━━━ STORED DATA ━━━
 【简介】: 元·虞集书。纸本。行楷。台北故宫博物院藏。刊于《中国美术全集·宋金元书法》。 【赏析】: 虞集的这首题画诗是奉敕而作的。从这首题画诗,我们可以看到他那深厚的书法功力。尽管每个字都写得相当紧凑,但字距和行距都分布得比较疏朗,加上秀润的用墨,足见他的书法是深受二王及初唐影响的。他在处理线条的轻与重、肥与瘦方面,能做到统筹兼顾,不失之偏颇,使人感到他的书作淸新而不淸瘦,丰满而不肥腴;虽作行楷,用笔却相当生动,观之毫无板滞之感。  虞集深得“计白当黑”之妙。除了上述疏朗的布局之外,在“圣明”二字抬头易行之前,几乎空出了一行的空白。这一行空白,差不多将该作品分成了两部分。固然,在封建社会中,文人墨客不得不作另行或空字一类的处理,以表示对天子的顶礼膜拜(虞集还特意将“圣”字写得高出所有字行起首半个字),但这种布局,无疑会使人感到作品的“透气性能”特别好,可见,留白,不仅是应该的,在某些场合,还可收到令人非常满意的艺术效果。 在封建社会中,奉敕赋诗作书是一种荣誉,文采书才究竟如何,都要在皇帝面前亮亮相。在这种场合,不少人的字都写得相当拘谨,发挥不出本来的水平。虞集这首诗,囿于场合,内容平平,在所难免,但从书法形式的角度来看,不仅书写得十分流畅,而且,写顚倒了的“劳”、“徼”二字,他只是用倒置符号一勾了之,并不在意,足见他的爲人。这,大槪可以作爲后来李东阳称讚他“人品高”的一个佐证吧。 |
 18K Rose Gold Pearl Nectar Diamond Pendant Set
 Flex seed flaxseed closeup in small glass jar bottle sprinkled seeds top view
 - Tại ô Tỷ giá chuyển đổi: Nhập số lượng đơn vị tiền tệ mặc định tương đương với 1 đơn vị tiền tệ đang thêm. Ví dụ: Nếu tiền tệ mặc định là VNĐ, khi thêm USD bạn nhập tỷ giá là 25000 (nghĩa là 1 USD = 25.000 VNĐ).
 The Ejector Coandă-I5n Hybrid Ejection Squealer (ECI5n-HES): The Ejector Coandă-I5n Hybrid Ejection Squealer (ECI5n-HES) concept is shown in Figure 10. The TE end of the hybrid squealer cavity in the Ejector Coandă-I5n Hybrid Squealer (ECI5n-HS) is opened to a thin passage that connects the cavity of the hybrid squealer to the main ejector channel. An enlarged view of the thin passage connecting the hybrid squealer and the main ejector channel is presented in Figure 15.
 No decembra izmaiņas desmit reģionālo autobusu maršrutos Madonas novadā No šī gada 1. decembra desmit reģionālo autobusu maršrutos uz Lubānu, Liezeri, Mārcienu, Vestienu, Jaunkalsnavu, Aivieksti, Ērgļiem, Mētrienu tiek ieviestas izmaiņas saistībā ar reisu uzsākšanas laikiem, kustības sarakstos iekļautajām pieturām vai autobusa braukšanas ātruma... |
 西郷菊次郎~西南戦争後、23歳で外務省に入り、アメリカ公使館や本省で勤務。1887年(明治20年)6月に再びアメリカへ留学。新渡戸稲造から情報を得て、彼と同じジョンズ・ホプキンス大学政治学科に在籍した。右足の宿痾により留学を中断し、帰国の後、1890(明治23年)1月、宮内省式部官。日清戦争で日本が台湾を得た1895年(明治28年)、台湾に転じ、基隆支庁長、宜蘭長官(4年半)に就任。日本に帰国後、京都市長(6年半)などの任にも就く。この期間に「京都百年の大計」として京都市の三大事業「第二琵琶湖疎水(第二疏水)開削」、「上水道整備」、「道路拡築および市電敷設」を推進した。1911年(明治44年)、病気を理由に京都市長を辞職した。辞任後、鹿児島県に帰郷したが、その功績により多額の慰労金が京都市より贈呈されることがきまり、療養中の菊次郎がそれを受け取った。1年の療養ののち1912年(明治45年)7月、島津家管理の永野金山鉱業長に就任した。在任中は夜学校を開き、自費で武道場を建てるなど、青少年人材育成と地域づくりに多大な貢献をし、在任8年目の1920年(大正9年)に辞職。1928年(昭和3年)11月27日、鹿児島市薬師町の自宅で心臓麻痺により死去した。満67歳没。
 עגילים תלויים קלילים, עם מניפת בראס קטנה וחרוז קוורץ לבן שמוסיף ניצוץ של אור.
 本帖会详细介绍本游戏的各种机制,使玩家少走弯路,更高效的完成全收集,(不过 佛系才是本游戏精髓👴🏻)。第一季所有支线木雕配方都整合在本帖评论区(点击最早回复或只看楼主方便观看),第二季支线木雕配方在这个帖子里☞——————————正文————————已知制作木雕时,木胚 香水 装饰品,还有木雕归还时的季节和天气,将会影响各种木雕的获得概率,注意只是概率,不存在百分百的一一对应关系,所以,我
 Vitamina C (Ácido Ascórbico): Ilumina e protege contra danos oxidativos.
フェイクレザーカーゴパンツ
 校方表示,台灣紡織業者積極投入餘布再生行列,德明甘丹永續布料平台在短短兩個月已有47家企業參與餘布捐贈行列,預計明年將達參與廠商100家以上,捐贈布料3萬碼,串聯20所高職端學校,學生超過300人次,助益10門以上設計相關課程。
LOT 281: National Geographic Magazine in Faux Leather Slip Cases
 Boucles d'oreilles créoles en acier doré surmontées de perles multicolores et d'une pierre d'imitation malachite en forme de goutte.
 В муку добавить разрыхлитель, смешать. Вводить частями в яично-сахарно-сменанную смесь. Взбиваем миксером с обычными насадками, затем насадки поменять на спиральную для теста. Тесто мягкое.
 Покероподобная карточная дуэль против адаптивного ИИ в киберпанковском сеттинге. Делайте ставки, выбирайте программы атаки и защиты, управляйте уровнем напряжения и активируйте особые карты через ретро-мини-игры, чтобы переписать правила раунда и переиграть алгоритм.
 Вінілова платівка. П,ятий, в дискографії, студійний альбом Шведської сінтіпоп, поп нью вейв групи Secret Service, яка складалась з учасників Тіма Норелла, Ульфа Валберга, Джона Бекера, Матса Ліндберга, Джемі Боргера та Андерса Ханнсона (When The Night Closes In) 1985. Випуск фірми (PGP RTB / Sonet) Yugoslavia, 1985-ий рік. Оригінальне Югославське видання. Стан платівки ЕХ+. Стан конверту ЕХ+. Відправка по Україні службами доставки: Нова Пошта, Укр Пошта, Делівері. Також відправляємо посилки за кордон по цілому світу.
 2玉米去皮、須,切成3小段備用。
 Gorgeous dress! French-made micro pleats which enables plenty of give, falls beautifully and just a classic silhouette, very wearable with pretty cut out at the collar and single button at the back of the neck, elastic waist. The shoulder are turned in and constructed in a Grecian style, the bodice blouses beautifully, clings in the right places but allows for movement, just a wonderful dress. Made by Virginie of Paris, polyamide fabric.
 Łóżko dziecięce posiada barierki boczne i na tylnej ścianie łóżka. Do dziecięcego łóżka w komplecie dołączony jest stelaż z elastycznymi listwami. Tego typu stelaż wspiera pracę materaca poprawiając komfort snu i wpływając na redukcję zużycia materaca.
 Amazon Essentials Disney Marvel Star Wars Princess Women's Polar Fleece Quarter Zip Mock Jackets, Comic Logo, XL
━━━
TASK TO CARRY OUT:
Your task is to write out, exactly, the line that holds "2玉米去皮、須,切成3小段備用。" and every line after it until the records end.

EXPECTED OUTPUT:
 2玉米去皮、須,切成3小段備用。
 Gorgeous dress! French-made micro pleats which enables plenty of give, falls beautifully and just a classic silhouette, very wearable with pretty cut out at the collar and single button at the back of the neck, elastic waist. The shoulder are turned in and constructed in a Grecian style, the bodice blouses beautifully, clings in the right places but allows for movement, just a wonderful dress. Made by Virginie of Paris, polyamide fabric.
 Łóżko dziecięce posiada barierki boczne i na tylnej ścianie łóżka. Do dziecięcego łóżka w komplecie dołączony jest stelaż z elastycznymi listwami. Tego typu stelaż wspiera pracę materaca poprawiając komfort snu i wpływając na redukcję zużycia materaca.
 Amazon Essentials Disney Marvel Star Wars Princess Women's Polar Fleece Quarter Zip Mock Jackets, Comic Logo, XL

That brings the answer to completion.